# Cost of radioactive iodine ablation



## tmango

I underwent a radioactive iodine ablation for a non toxic, multinodular goiter in October. Per my doctor's recommendation, I called the hospital to see how much the pill would be. They looked it up and and it should be around 134.00 for the pill (of course there would be a radiologist fee as well). I made the decision to move forward and have it done at that time, since it would not be anywhere close to meeting my insurance deductible, so no sense waiting for January. Well, I get my bill and "the pill" was $4,027.75. This does not include the 600.00 the hospital charged for me to sit in the chair while taking it for 10 minutes or the radiologist bill of 269.00 for handing it to me. Please tell me that this is an error and it does not really costs this much. I called the hospital, when they faxed me an itemized statement it said 134.75 per unit and that I had 30 units. Not sure what a unit is...but the nurse that audited my concerns said the bill was correct. PLEASE HELP!


----------



## Andros

tmango said:


> I underwent a radioactive iodine ablation for a non toxic, multinodular goiter in October. Per my doctor's recommendation, I called the hospital to see how much the pill would be. They looked it up and and it should be around 134.00 for the pill (of course there would be a radiologist fee as well). I made the decision to move forward and have it done at that time, since it would not be anywhere close to meeting my insurance deductible, so no sense waiting for January. Well, I get my bill and "the pill" was $4,027.75. This does not include the 600.00 the hospital charged for me to sit in the chair while taking it for 10 minutes or the radiologist bill of 269.00 for handing it to me. Please tell me that this is an error and it does not really costs this much. I called the hospital, when they faxed me an itemized statement it said 134.75 per unit and that I had 30 units. Not sure what a unit is...but the nurse that audited my concerns said the bill was correct. PLEASE HELP!


Oh, yes...............that sounds exhorbitant but about right. When I had mine in the 1990's, it was a couple of thousand then.

Talk to your insurance company and by all means talk to the hospital billing department "in person" and negotiate this down.

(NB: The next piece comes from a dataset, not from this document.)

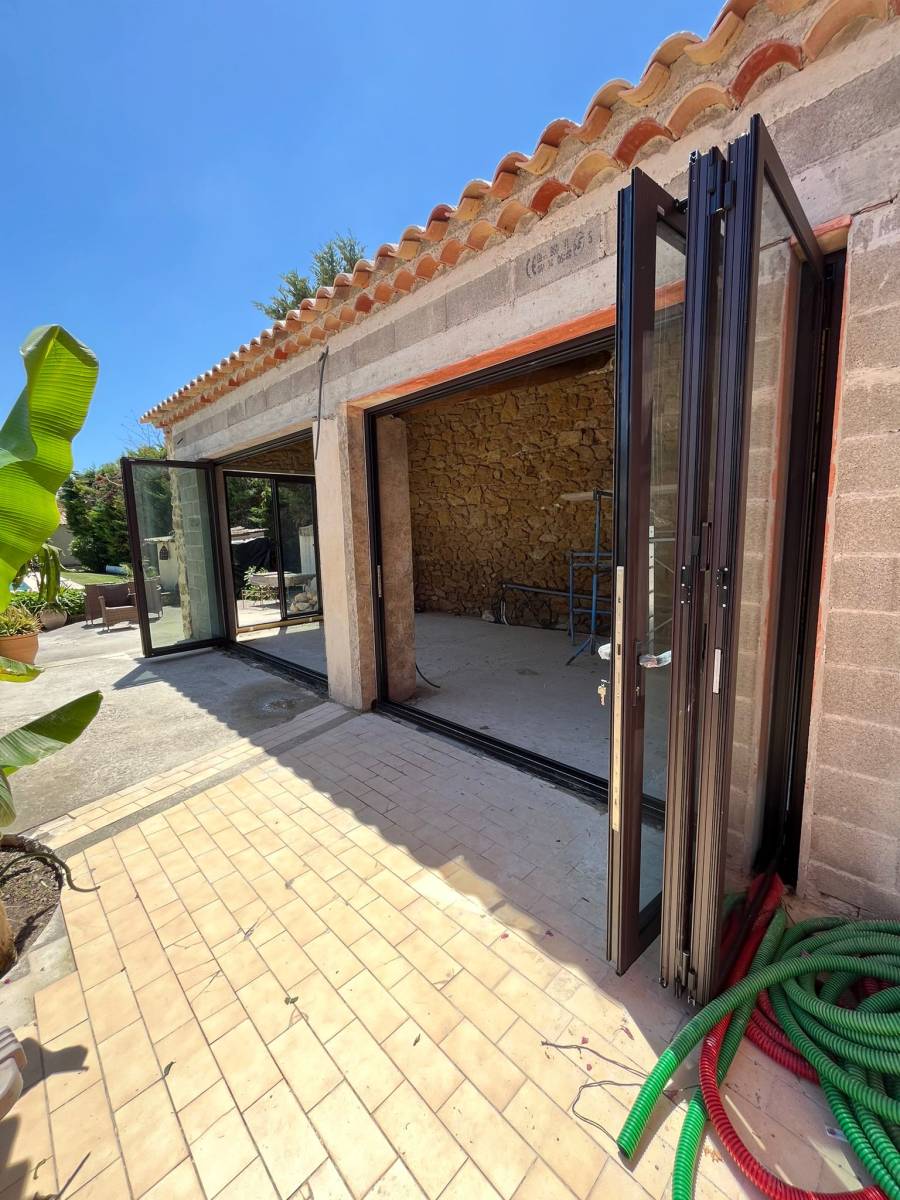 GDM Menuiseries est fière de présenter la pose de 3 baies accordéon vitrées 3 vantaux en aluminium sur Salon de Provence.

It's a sin, isn't it? I am so sorry this happened to you.

How are you feeling otherwise? Are you on thyroxine replacement now?


----------



## Glitter

I just received an EOB from my insurance last week and the cost for mine was $3793.00! I was very lucky that the ins paid all but the $35 co-pay! Mine was on the 26th of January this year. It is insane that a procedure that seems so short and simple could cost so much!


----------



## Andros

Glitter said:


> I just received an EOB from my insurance last week and the cost for mine was $3793.00! I was very lucky that the ins paid all but the $35 co-pay! Mine was on the 26th of January this year. It is insane that a procedure that seems so short and simple could cost so much!


Holy cats!!! Aaaaaaaaaaaaaaaaaaaaaargh!! I fainted!


----------



## jasp25

Hello,

This is my first post here in the forum.. my sister has hyperthyroidism and her endocrinologist recommend RAI Ablation procedure... so based on what I read here.. without insurance, it's gonna cost around $4,000 in the US??


----------



## Andros

jasp25 said:


> Hello,
> 
> This is my first post here in the forum.. my sister has hyperthyroidism and her endocrinologist recommend RAI Ablation procedure... so based on what I read here.. without insurance, it's gonna cost around $4,000 in the US??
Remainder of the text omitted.